• [Requirement]: Print every line of the listing below, starting with the line that holds "Obrázek 1 – návrh situace – etapa 1" and going on through the line that holds "v šířce 1,50", both included, and print nothing else.

Material supplied section start

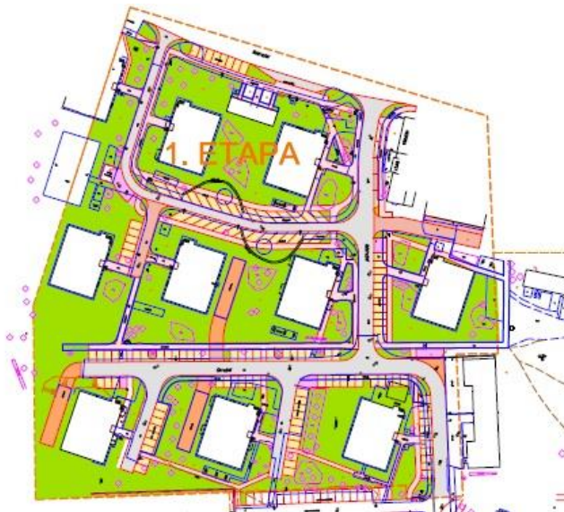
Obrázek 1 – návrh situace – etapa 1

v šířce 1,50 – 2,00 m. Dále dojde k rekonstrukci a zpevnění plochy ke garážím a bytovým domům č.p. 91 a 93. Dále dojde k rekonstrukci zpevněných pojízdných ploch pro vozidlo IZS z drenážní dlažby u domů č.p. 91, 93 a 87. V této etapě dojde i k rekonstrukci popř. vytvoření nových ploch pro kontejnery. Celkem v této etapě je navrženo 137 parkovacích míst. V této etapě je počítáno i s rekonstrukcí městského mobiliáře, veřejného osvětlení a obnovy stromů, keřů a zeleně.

Material supplied section end
Material supplied section start

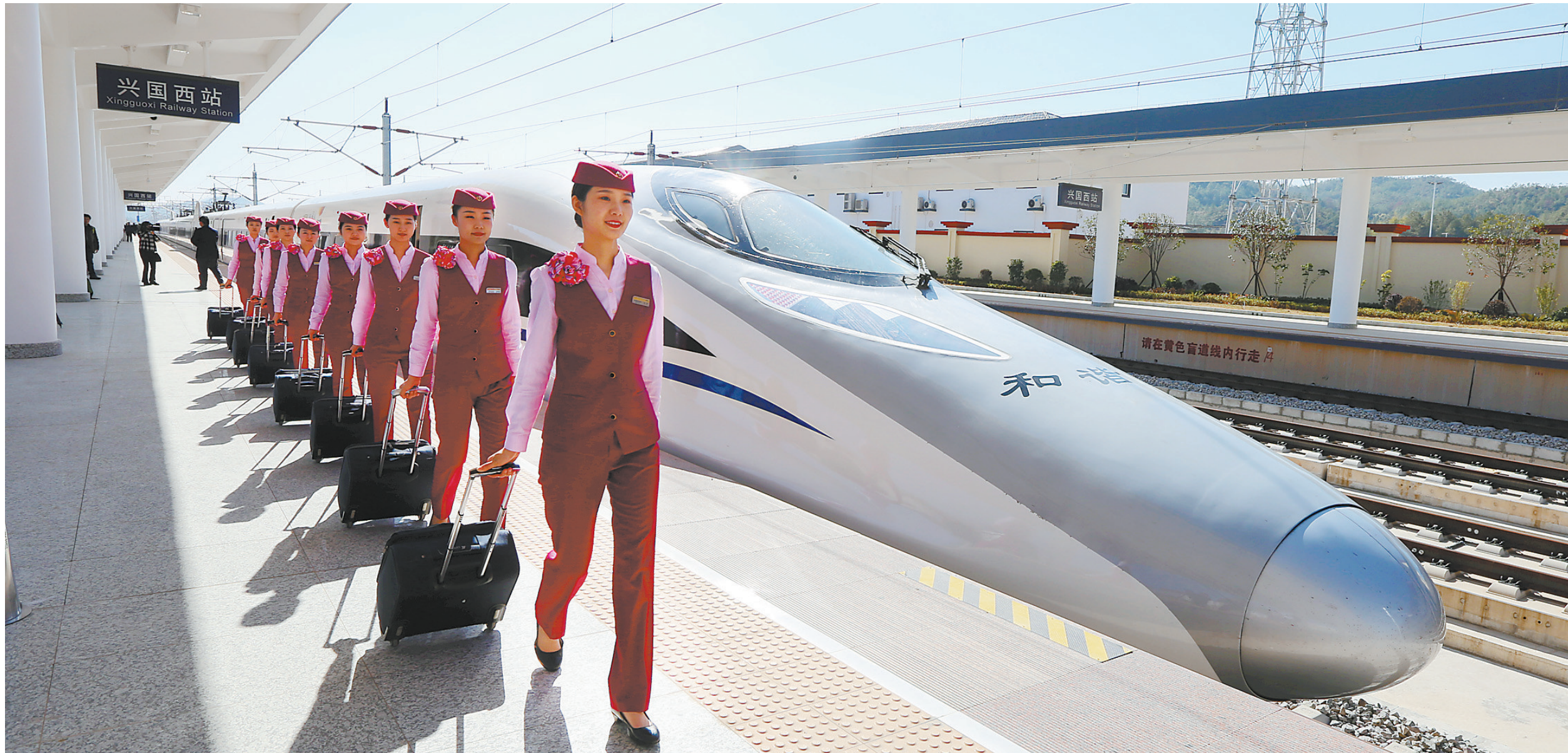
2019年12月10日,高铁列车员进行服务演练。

Material supplied section end

• [Completed exercise]:
Obrázek 1 – návrh situace – etapa 1

v šířce 1,50 – 2,00 m. Dále dojde k rekonstrukci a zpevnění plochy ke garážím a bytovým domům č.p. 91 a 93. Dále dojde k rekonstrukci zpevněných pojízdných ploch pro vozidlo IZS z drenážní dlažby u domů č.p. 91, 93 a 87. V této etapě dojde i k rekonstrukci popř. vytvoření nových ploch pro kontejnery. Celkem v této etapě je navrženo 137 parkovacích míst. V této etapě je počítáno i s rekonstrukcí městského mobiliáře, veřejného osvětlení a obnovy stromů, keřů a zeleně.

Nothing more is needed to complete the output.